Nygma looked like someone had just offered him a sword and told him to conquer Rome.
"...I mean, I did invite Maggie to dinner once or twice," he mumbled. "I wanted to confess. I just… never had the courage."
"There it is!" Adam clapped. "That's the problem. You don't understand women because you've never... experienced women. This is why we're here. Consider this your field research."
He leaned close, whispering like the devil on his shoulder.
"Tell me something, Ed… are you still a virgin?"
The question hit Nygma like a grenade.
He turned red. Not just blushing—boiling. His shoulders stiffened, his collar twitched, and he snapped, "What? Me? Virgin?! Are you insane?! Who—who even asks that?! I'll have you know I once... well... that's not important. Let's go already!"
He folded his arms like a teenage boy pretending he hadn't been pantsed.
Adam suppressed a grin. Bingo.
The streets of Arkham were business as usual.

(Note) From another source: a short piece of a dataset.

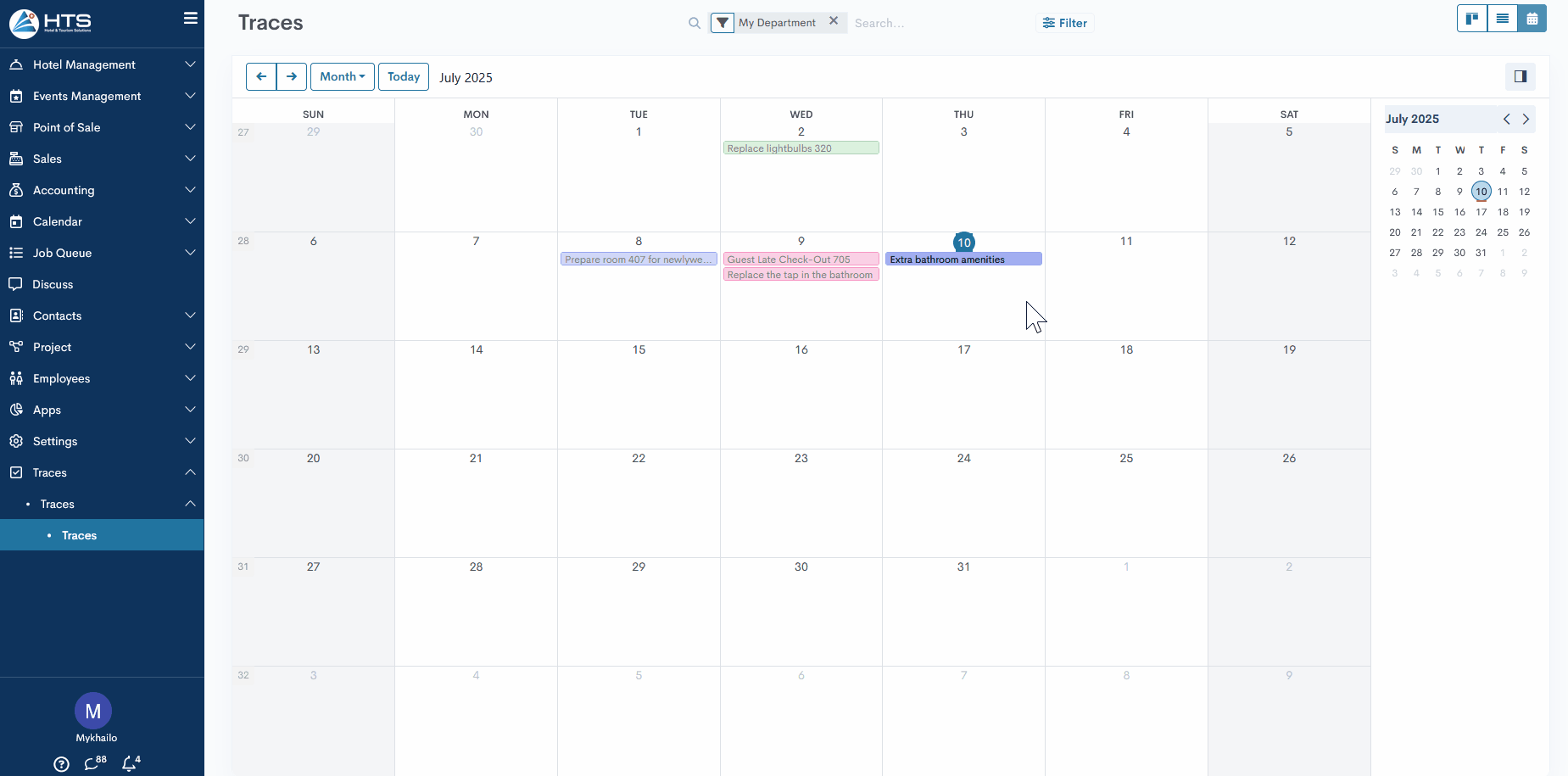 When opening Traces in the Calendar view, users are presented with a calendar of the current month displaying all relevant traces as colored bars on their respective due dates. Just like in Kanban and List views, the default filter My Department is applied to show only traces related to the user’s department.

Dim alley lights. Women in cheap makeup. Hooded shadows sharing alley corners with rusted trash bins. Even the sewer steam rising from the manholes seemed tired of it all.

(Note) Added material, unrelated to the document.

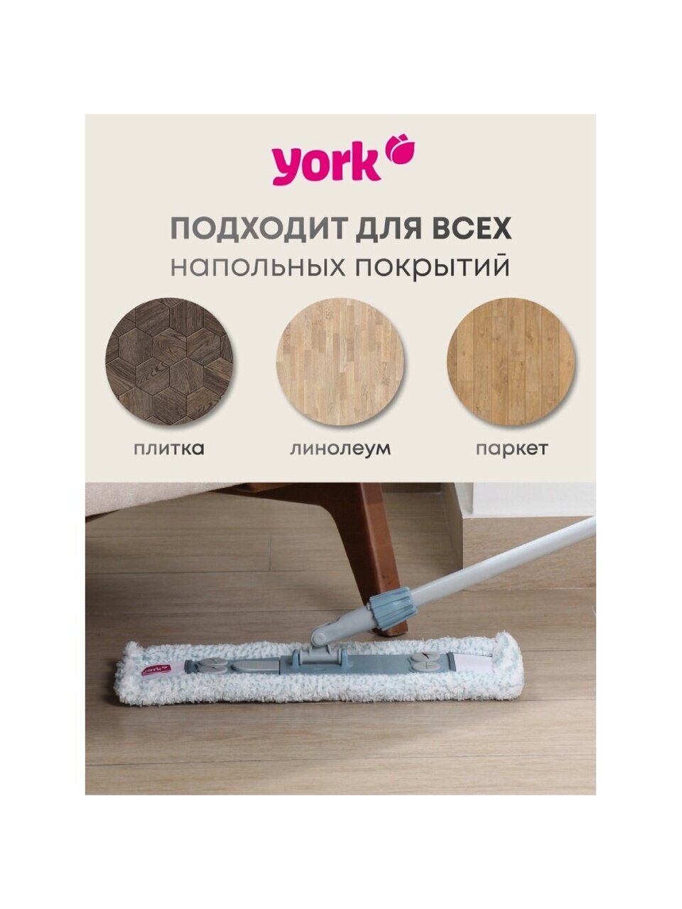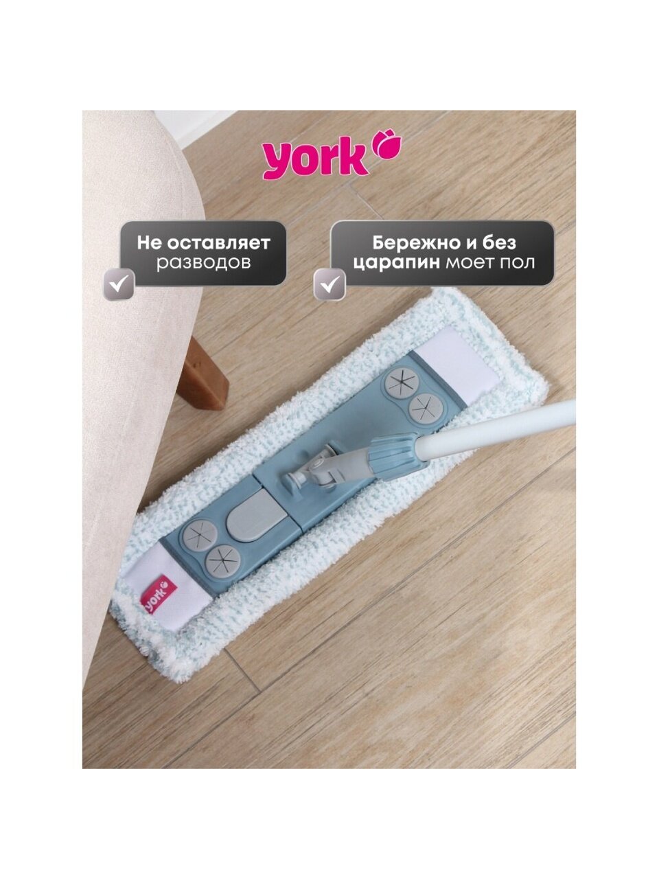Часто спрашивают: «Как выбрать швабру для пола с кафелем или ламинатом?» — оптимальное решение это плоская модель с микрофиброй, как у York Magnetic. В отличие от классических верёвочных швабр, она лучше справляется с пылью и не царапает поверхность. Телескопическая алюминиевая ручка облегчает уборку под мебелью и в углах, а длина 145 см подходит для пользователей любого роста.

Adam rolled down the window and tapped the horn twice.
It was a signal used only by local cops.
Once: Supervisor nearby—act clean. Thrice: Sweep happening—scram fast. Five times or more: Some idiot parked sideways again.
After two honks, a few women sauntered toward the car like it was feeding time at the zombie shelter.
"Officers," one of them mumbled, smacking gum and hiking her coat lower. "Looking for a little stress relief?"
Adam leaned casually out the window. "My buddy here is a first-timer. He wants the finest the Arkham district has to offer. Smart, sharp, and… educated. You got anyone with a diploma?"
The woman blinked. "Since when did this job need a degree? What, you want a linguist who speaks four tongues while using one?"
Adam chuckled. "Something like that."
A taller girl stepped forward, makeup barely smeared, coat cleaner than the rest.
"I graduated from Minnesota State's Biology Department," she said, smooth as bourbon. "I'll give you thirty minutes and a good memory for twenty bucks. Room's included."
Nygma's eyes lit up like he'd seen the Ark of the Covenant.
But just when Adam thought he'd done it—gotten this lovesick mess into the recovery lane—Nygma opened his mouth and ruined it.
"Wait. Biology major?" he asked, squinting. "Then tell me—what plant family does an apple belong to?"
Time froze.
The girl blinked. Adam blinked. Even the nearby loiterers blinked.
"…What?" the girl finally said.
"Answer the question," Nygma said seriously. "Anyone claiming to be from a real bio department should know. I mean, come on. Rosaceae? Basic taxonomy."
Adam's face fell into his hands. He wanted to slide under the seat, crawl out the exhaust pipe, and never return.
The girl flipped him off, muttered something about nerds, and stomped off.
Nygma, oblivious, puffed up his chest like he'd just cracked a riddle on national television.
"Adam," he said, "you can't let people scam you with fake credentials. This is why Gotham's economy is in ruins."
Adam stared ahead, mentally filing for unemployment.
This man. This fucking man.
He hadn't just failed the mission—he had created a whole new subgenre of failure.
Bachelor Degree Escort Interrogation. Only in Gotham.
Adam leaned back in the driver's seat, lit a cigarette, and muttered, "I brought a man to find peace and he brought a pop quiz."